THE EFFECT OF DIFFERENT LENGTHS OF DAY AND DIFFERENT TEMPERATURE VALUES ON THE DEVELOPMENT OF MORPHOLOGICAL PROPERTIES OF CERTAIN CHRYSANTHEMUM CULTIVARS

Dragan Djurdjevac, Imre Molnar, Małgorzata Tokarska

ABSTRACT

During one year, an average of 150 cut chrysanthemums are obtained from 1 m² of the glasshouse cultivation area, usually from three cultivation cycles together. Determination of optimum lighting conditions and vegetation temperature for chrysanthemums can make it possible to shorten a cultivation cycle, which will have a considerable effect on the improvement of production profitability.

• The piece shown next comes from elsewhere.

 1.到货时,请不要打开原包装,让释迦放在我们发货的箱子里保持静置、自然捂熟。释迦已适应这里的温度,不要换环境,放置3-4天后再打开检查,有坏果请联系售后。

Key words: chrysanthemum, photoperiodism.

INTRODUCTION

The name chrysanthemum (Chrysanthemum) comes from Greek words, chrysos – gold, and anthemos – flower. Chrysanthemum belongs to the family Asteraceae = Compositae – complex, and is found in natural conditions in the Mediterranean area, Near East, East Asia and South Africa. There are nearly 200 cultivars of chrysanthemums.

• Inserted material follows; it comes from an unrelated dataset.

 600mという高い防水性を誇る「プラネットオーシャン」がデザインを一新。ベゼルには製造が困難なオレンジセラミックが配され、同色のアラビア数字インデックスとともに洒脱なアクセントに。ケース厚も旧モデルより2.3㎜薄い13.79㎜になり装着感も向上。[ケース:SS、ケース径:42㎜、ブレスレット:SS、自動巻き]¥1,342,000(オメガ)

For floriculture, of special interest is a group Chrysanthemum indicum – hibridum obtained through multiple crossing of various chrisanthemum cultivars. Depending on the purpose, in production one encounters the following species: Chrysanthemum leucanthemum L., Chrysanthemum carinatum Schousboe, Chrysanthemum segatum L., Chrysanthemum coccinea Willd. – perennial, Chrysanthemum maximum Ram. – perennial.

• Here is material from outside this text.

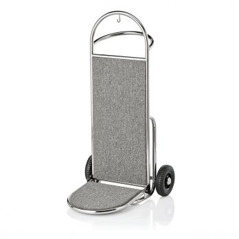 Transportní vozík na zavazadla SPRINT, 61 x 70 x 120 cm, stříbrné provedení, leštěný vzhled, šedá barva koberce, nerezová ocel. Vhodné pro použití v hotelu.
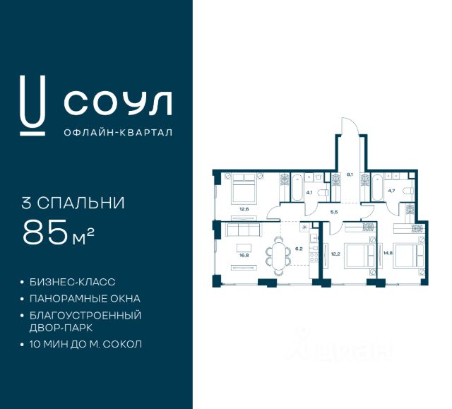 Квартира расположена в малоэтажной секции — всего 9 этажей. Это редкость для премиум-класса: меньше соседей, меньше шума, меньше ожидания лифта. Утро начинается спокойно, без суеты. В секции такой планировки осталась только одна квартира — уникальное предложение. При этом 80 % квартир в комплексе уже продано, что подтверждает высокий спрос и престиж проекта. Квартира продаётся без отделки, что позволяет создать интерьер под свой вкус. Просторные 84 м² дают возможность спроектировать удобную и современную планировку: кухню-гостиную с панорамными окнами (окна во двор на северо-восток - солнце с утра) , мастер-спальню с ванной и гардеробной, вторую спальню, гостевой санузел и просторную прихожую. Здесь всё начинается с вашей идеи — от планировки до материалов, освещения и цвета стен.

In mass production of chrysanthemums, the plants are multiplied through the seedlings: 6-8 centimeter long fragments of a stem with 3-4 leaves. The rooting of seedlings lasts 15-20 days, after which they are transferred to pots (fig. 1) or onto production bedding with the subsoil of peat dust and sand. Chrysanthemums do not have any special soil requirements if optimum conditions of water and air circulation are created.

Chrysanthemums are characterized by remarkable photoperiodism, which means that their vegetative growth and flower formation are related to the day length (length of the light exposure period). The possibility of regulating the length of the light exposure period in glasshouses makes it possible to cultivate chrysanthemums both in autumn and winter, selling these beautiful flowers not only in the traditional autumn period (All Saints’ Day).

Knowing the reaction of chrysanthemums to the length of the light exposure period, it will be possible to control the vegetation time, which will make it possible to increase the profitability of the cultivation, both by shortening the production cycle, and by directing the harvest onto a definite time [2].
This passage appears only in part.